*MATERIAL PROVIDED*:
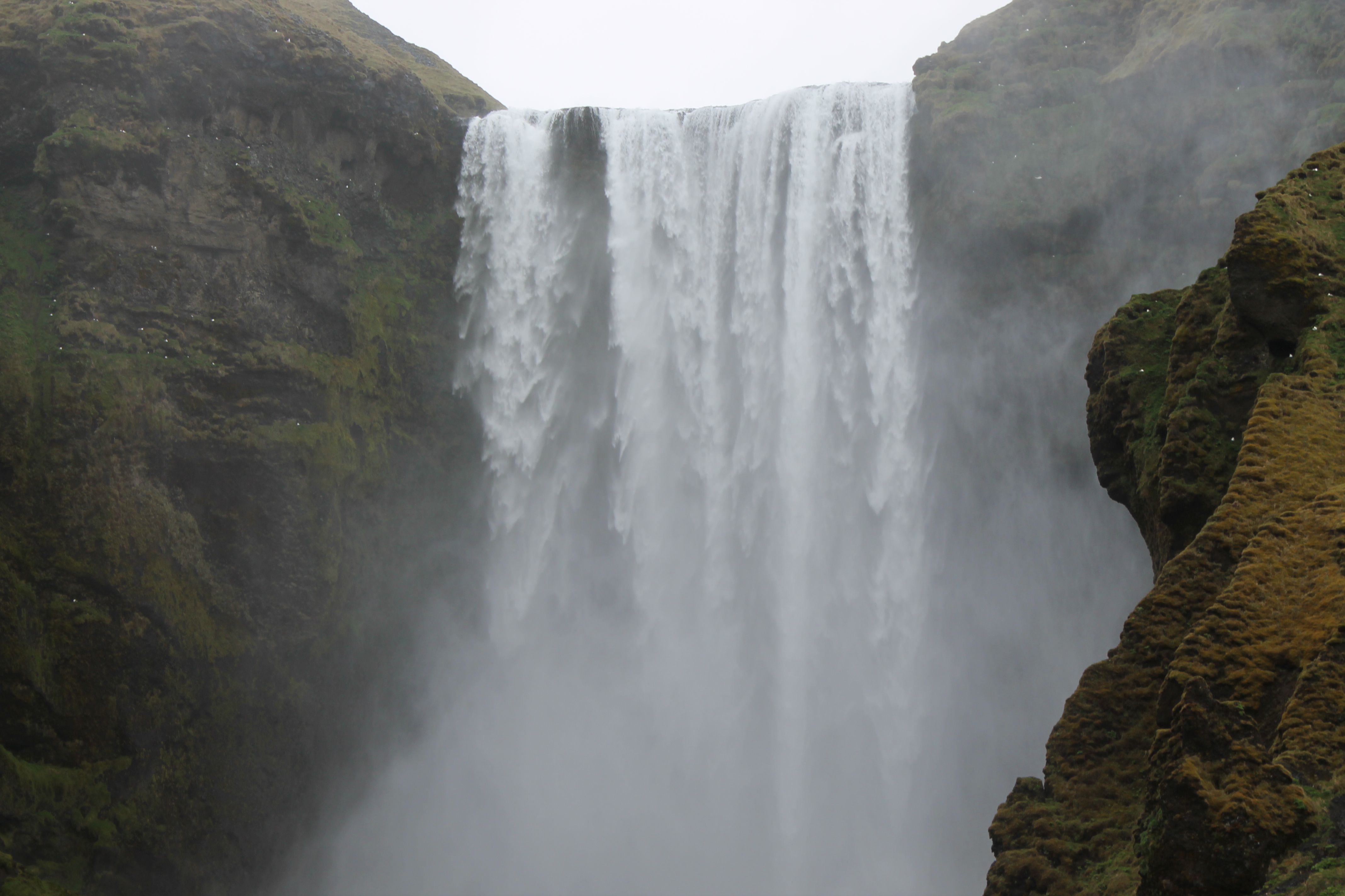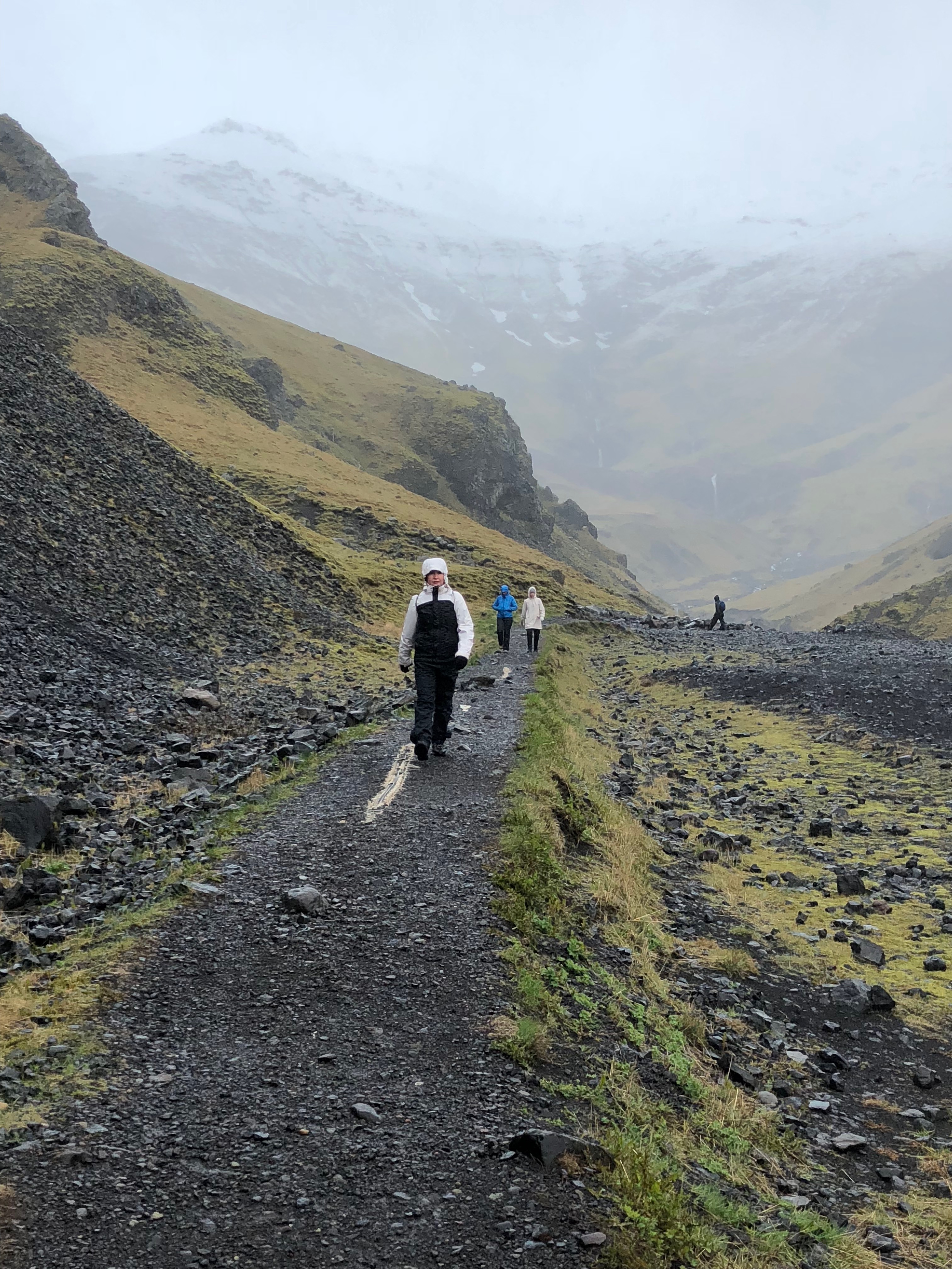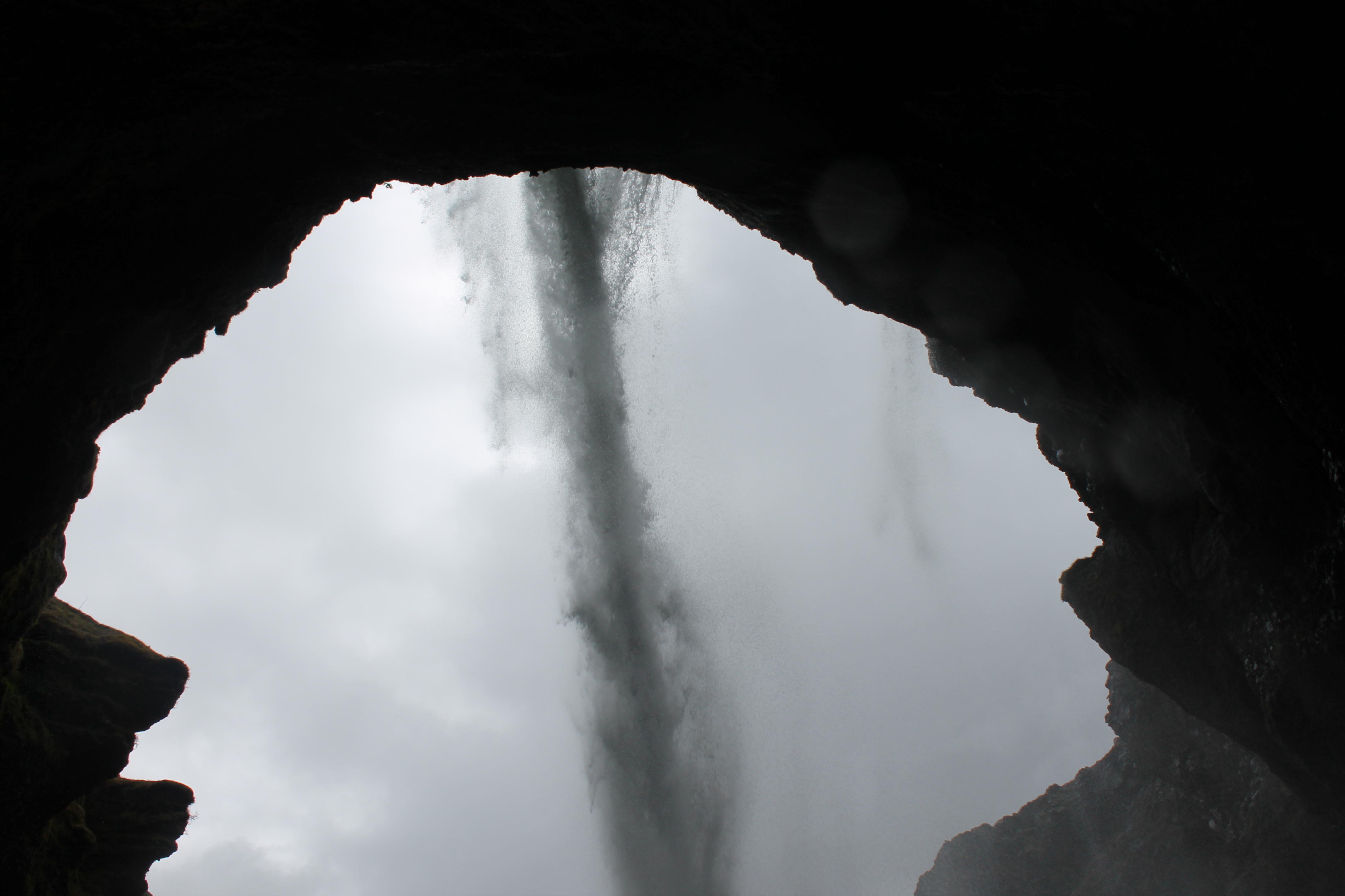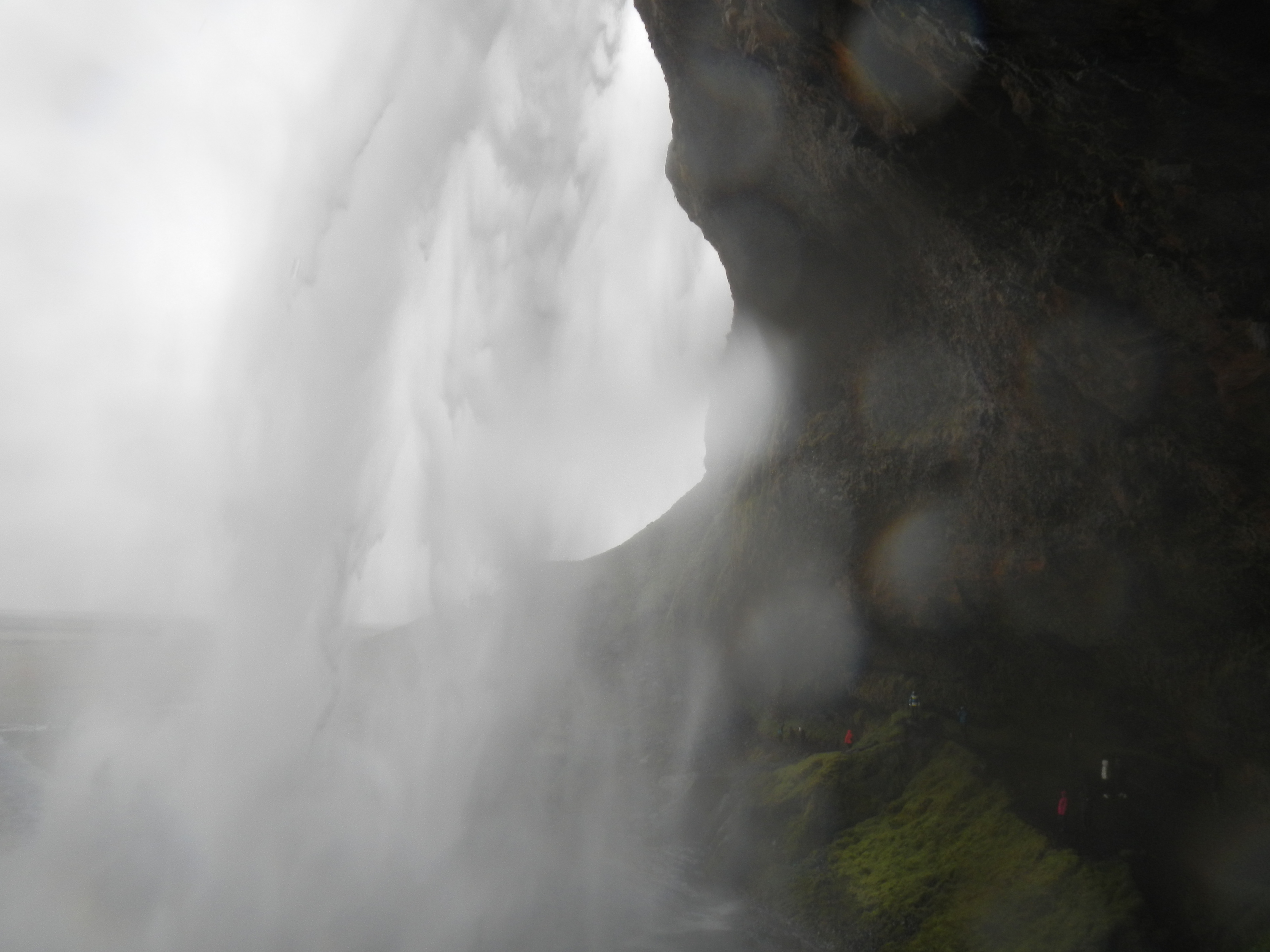 We had a wonderful breakfast and said goodbye to Hotel Laekur and headed south to the famous Seljalandsfoss. It was raining and windy when we arrived but Jeff and I had our waterproof clothes on and were ready to hike. Seljalandsfoss drops 200 feet over the cliffs of the former coastline. As impressive as the waterfall is one of the greatest things about it is that you can actually walk behind it. We sadly did not get one of the famous rainbow pictures with this waterfall but it was wonderful none the less. All of our pictures are tainted from water droplets on the camera lens but that reminds us of the conditions we hiked in. We returned to the car to find a sticker on the windshield that we had not paid for parking. We honestly did not see the pay booth when we arrived but they nicely let us pay without a fine and we went on our way.
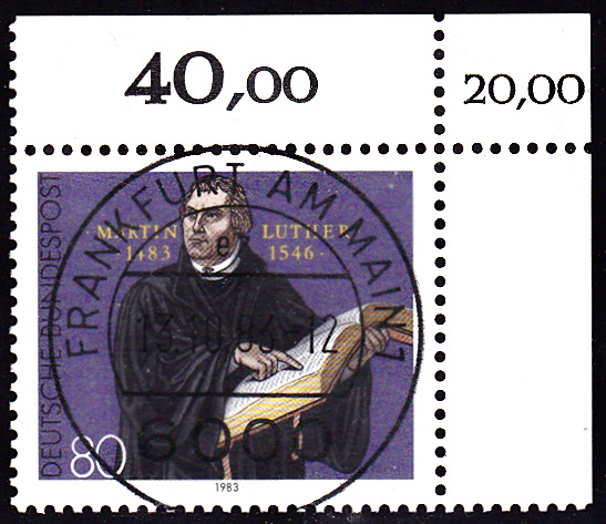 Dieses Eckrandstück der bereits gezeigten Marke zum 500. Geburtstag von Martin Luther der Deutschen Bundespost 1983 (MiNr 1193) mit Vollstempel hat eine korrigierte Bogenwertzahl.
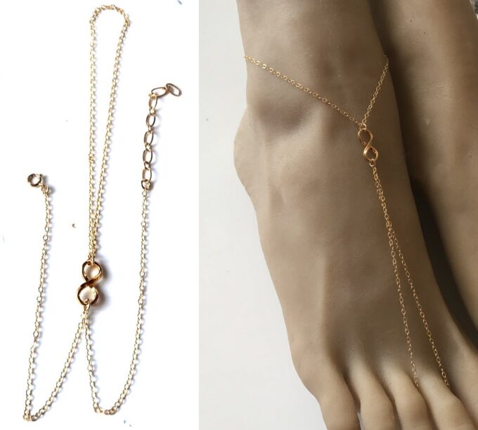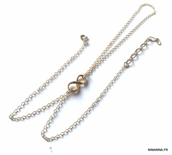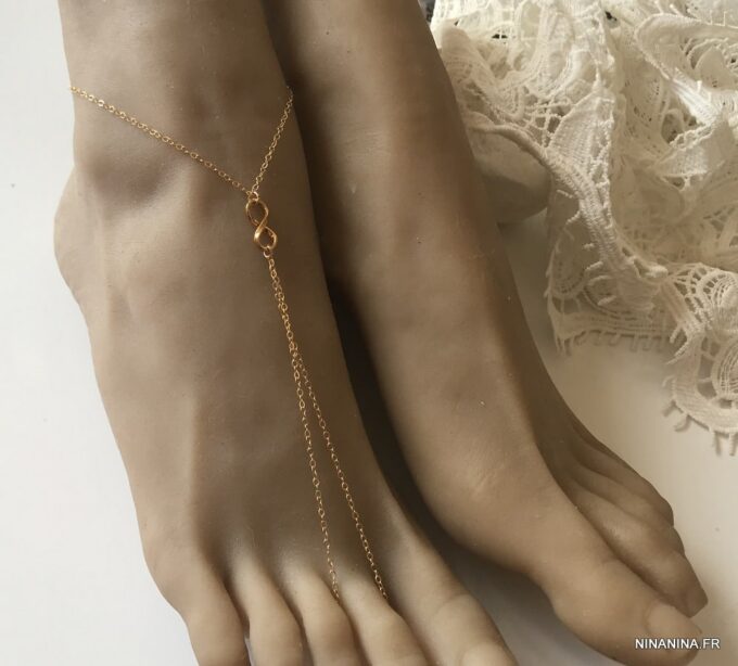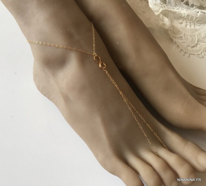 Chaine de pied Plaqué Or signe infini composé d’un symbole infini en argent 925 plaqué or 24 carats monté sur une chaine en plaqué or 14 carats .
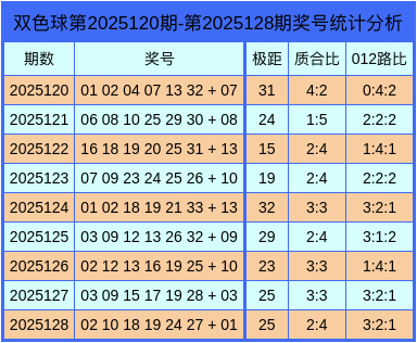 上期奖号极距为25,开出1枚重号19,质合比为2:4,邻孤传为4:1:1,蓝球开出质数号码:01。

*EXERCISE GOAL*:
Every word of the material above should be copied exactly; no pictures.

*ANSWER TO THE EXERCISE*:
 We had a wonderful breakfast and said goodbye to Hotel Laekur and headed south to the famous Seljalandsfoss. It was raining and windy when we arrived but Jeff and I had our waterproof clothes on and were ready to hike. Seljalandsfoss drops 200 feet over the cliffs of the former coastline. As impressive as the waterfall is one of the greatest things about it is that you can actually walk behind it. We sadly did not get one of the famous rainbow pictures with this waterfall but it was wonderful none the less. All of our pictures are tainted from water droplets on the camera lens but that reminds us of the conditions we hiked in. We returned to the car to find a sticker on the windshield that we had not paid for parking. We honestly did not see the pay booth when we arrived but they nicely let us pay without a fine and we went on our way.
 Dieses Eckrandstück der bereits gezeigten Marke zum 500. Geburtstag von Martin Luther der Deutschen Bundespost 1983 (MiNr 1193) mit Vollstempel hat eine korrigierte Bogenwertzahl.
 Chaine de pied Plaqué Or signe infini composé d’un symbole infini en argent 925 plaqué or 24 carats monté sur une chaine en plaqué or 14 carats .
 上期奖号极距为25,开出1枚重号19,质合比为2:4,邻孤传为4:1:1,蓝球开出质数号码:01。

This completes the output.